Problem requirements: In the listing below, count each line that contains "with". The reply is that count and nothing else.

[Available records Boundary: Start]

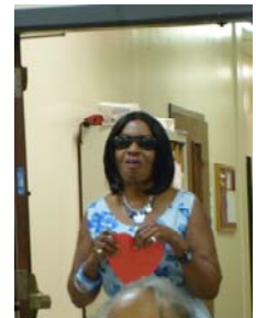
Come Together, Be Together, 2011
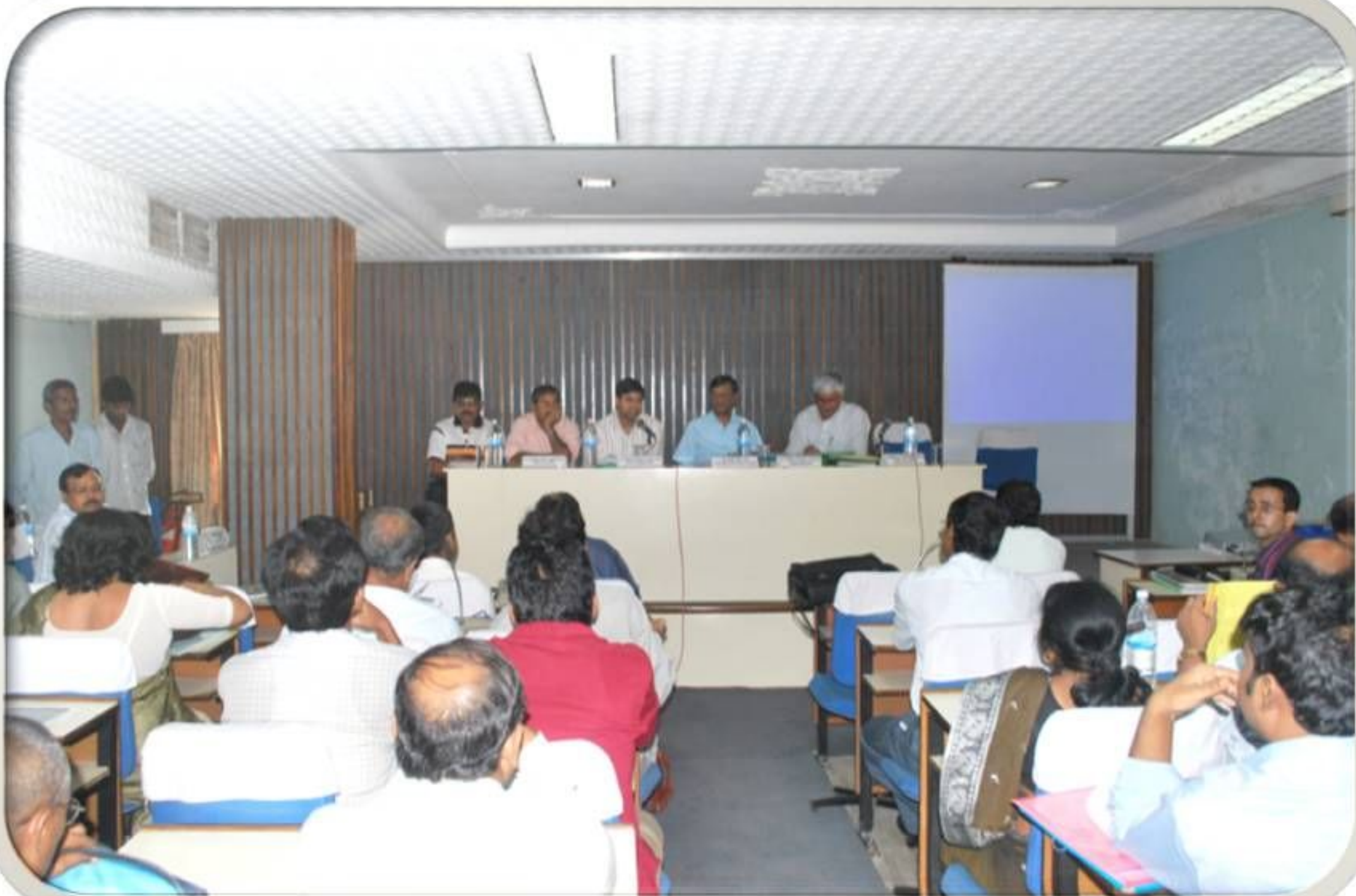
Convergence Meeting with PIA & Fisheries Deptt. At Burdwan District by Principal Secretary P.& R.D. on 10-7-09
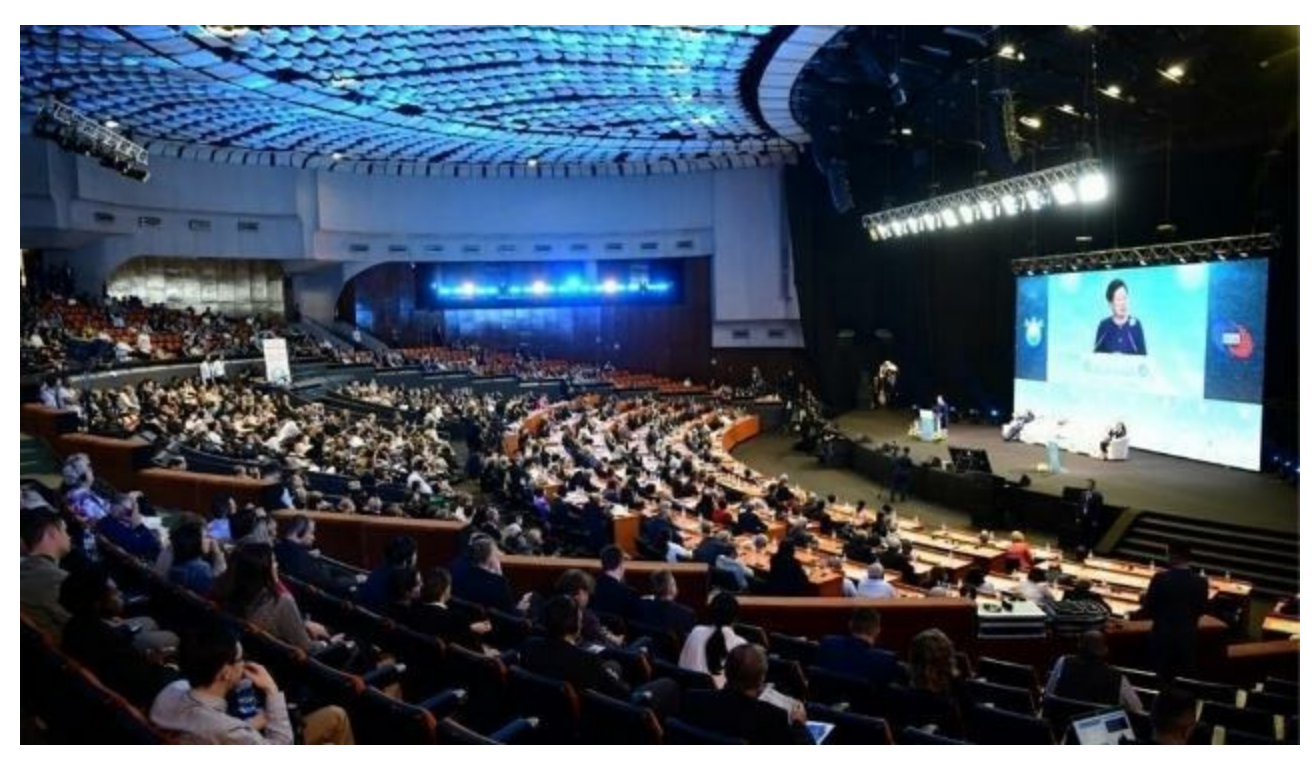
Opening of the South-East Europe Peace Summit, in the Tirana Assembly Hall, Albania, on October 26, 2019.

Large UPF conferences gathered former (and sometimes current) presidents and prime ministers of different countries, as well as religious and cultural leaders. These gatherings included the Continental Africa Peace Summit 2018, inaugurated in Dakar, Senegal on January 18, 2018; the South-East Europe Peace Summit, opened in Tirana, Albania, on October 26, 2019; the Asia Pacific Summit, which started in Phnom Penh, Cambodia, on November 19, 2019; the Africa Continental Summit Niger 2019, whose opening ceremony was held in Niamey, Niger, on November 28, 2019; the World Summit 2019 in Seoul, South Korea, on February 7–9, 2019; the World Summit 2020, which also took place in Seoul on February 3–8, 2020. Regional meetings were also organized, including the recent Balkans Leadership Conference, organized in Tirana, Albania, on November 20–21, 2021, which led to the signature of a Memorandum of Cooperation between the UPF and the Podgorica Club, an organization established in 2019 by former presidents of Southeast European countries.
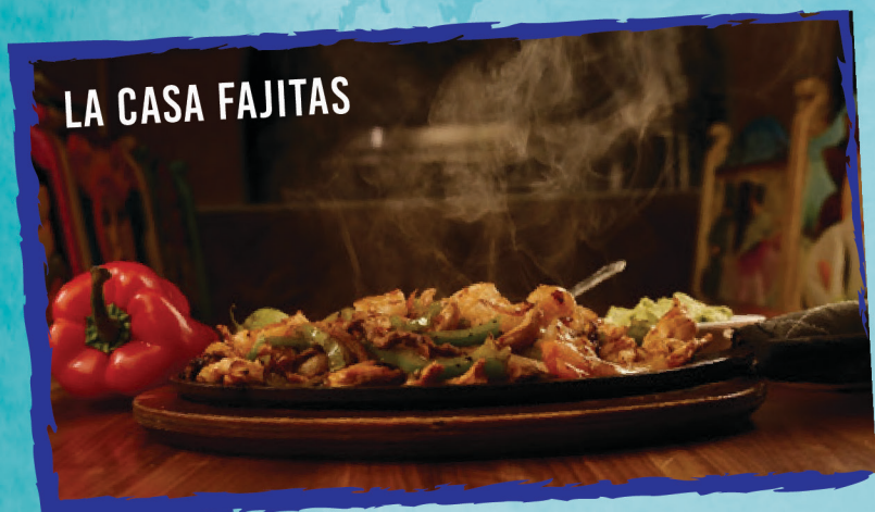
LA CASA FAJITAS

Two juicy grilled chicken skewers drizzled with chipotle sauce resting on a bed of rice. Served with delicious blend of grilled veggies. 15.99
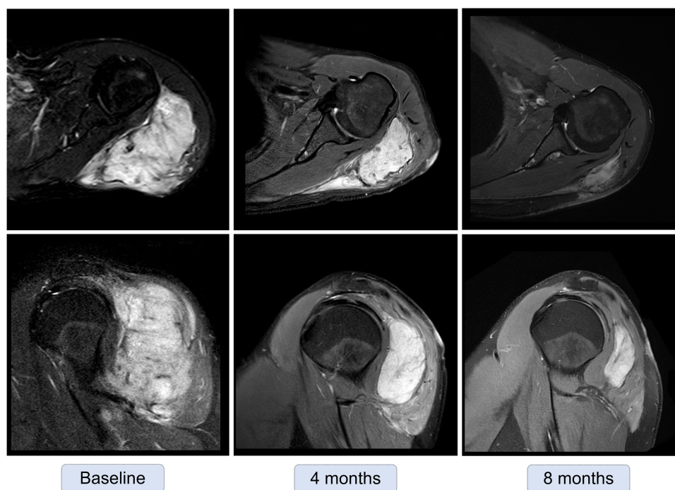
Figure 2 A 27-year-old patient with the partial disease after eight months of anlotinib treatment.
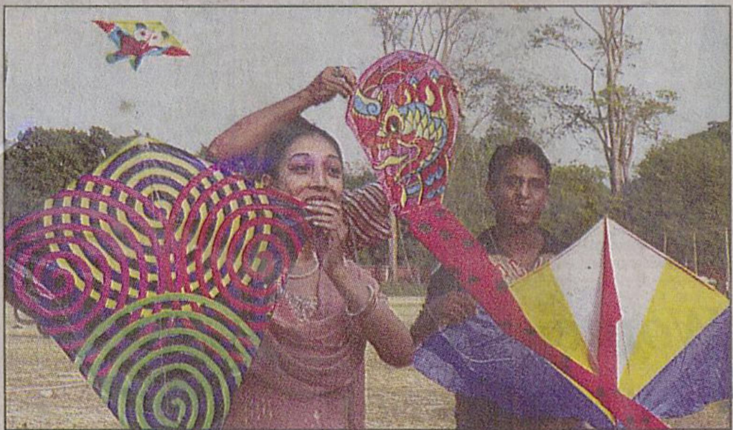
Dhakabasi, an organisation of the residents of Old Dhaka, arranged a kite festival on Dhaka University ground yesterday to celebrate the Independence Day.

[Available records Boundary: End]

Task output: 3